Nagging Wives. "Sure, we sometimes sell PX goods on the black market," admitted one. "But doesn't everybody?" Another Korean wife voiced what most of them believed was really behind it all: "The truth is that the American wives dislike us very much. They are race-conscious, and complain they have to stand alongside us for service at PX counters . . . Those who are married to high officers nagged away at their husbands to have something done about us."
U.S. wives were quick to retort. Said one heatedly: "Some of those Korean marriages are just sordid commercial arrangements. Many G.I.s who marry Korean girls never attempt to have their wives follow them when they leave Korea. The marriage was just a black-market partnership in the first place." A PX official backed up part of her complaint: "I have seen a Korean wife walk out laden with packages--and be back within an hour to buy more."
Moral Support. But if, in fact, Korean wives often did take their purchases straight to the side streets of Seoul, Pusan and Taegu, which are lined with black markets whose vendors do not even bother to remove the PX labels from their wares, they were not the only source of supply. As one Korean put it: "Much of the stuff never gets to the PX in the first place. It goes straight to the black market from the warehouse." Sometimes it never even gets to the warehouse; last week a truckload of 84 cases of U.S. butter valued at $3,200 was hijacked from the Pusan pier, and melted away into other hands before MPs could catch up with it.

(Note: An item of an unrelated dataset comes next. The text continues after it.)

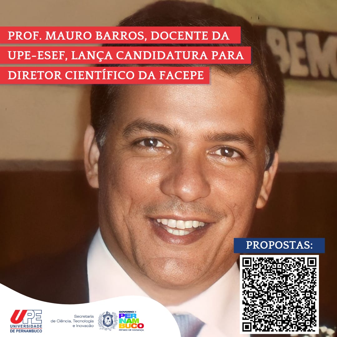 O Prof. Dr. Mauro Barros, docente da Escola Superior de Educação Física da Universidade de Pernambuco (ESEF/UPE), é candidato ao cargo de Diretor Científico da Fundação de Amparo à Ciência e Tecnologia do Estado de Pernambuco (FACEPE). A consulta à comunidade científica ocorrerá nos dias 26 e 27 de junho, com as normas estabelecidas pelo Edital FACEPE 07/2023, com o objetivo de elaborar uma lista tríplice de indicações para escolha da Governadora do Estado.
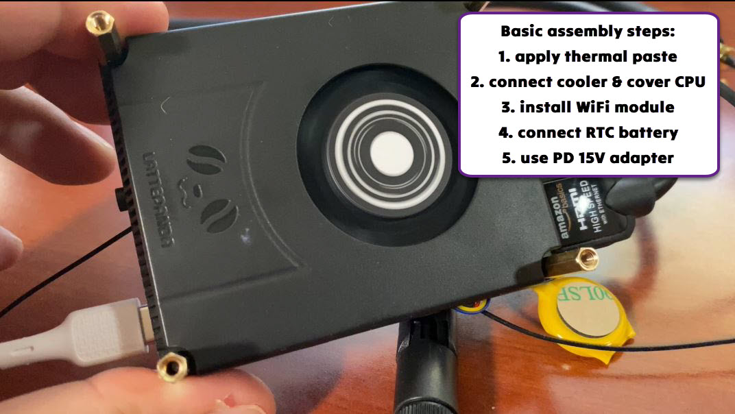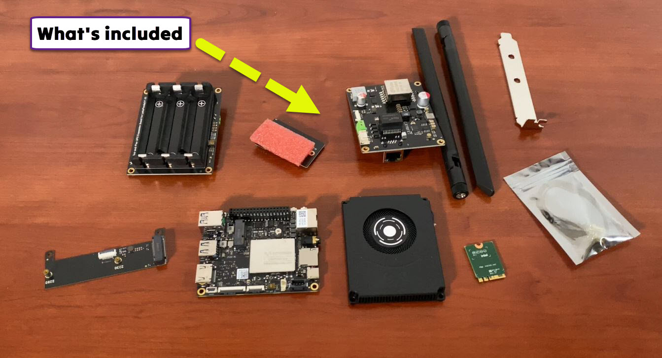 We were sent a LattePanda IOTA with 8 GB RAM and 64 GB of storage space. For something like this, you are going to need a decent cooler, which in our case was included. We were also sent a smart UPS HAT, PoE++ Hat, M.2 4G expansion board and an M.2 M-key SSD expansion board. There was also a WiFi module with antennas, which you can use for wireless applications. Even with little experience on this platform, we were able to put the most basic configuration together. For that, we used the cooler, the main board, an RTC battery that was included in the package, thermal paste, and the WiFi module.

The Korean G.I. brides, aroused at losing PX privileges, first scheduled a street demonstration, decided instead to send four of their number to the American embassy. Later they met with Eighth Army officials, all the while getting stout moral support from Syngman Rhee's government. Last week the Eighth Army beat a retreat, restored PX privileges to Korean wives "pending further study." "Had General Magruder not revoked the order," said Syngman Rhee's Korean Republic, "the naive would have believed, once again, that the Americans were here not as friends and partners, but as masters."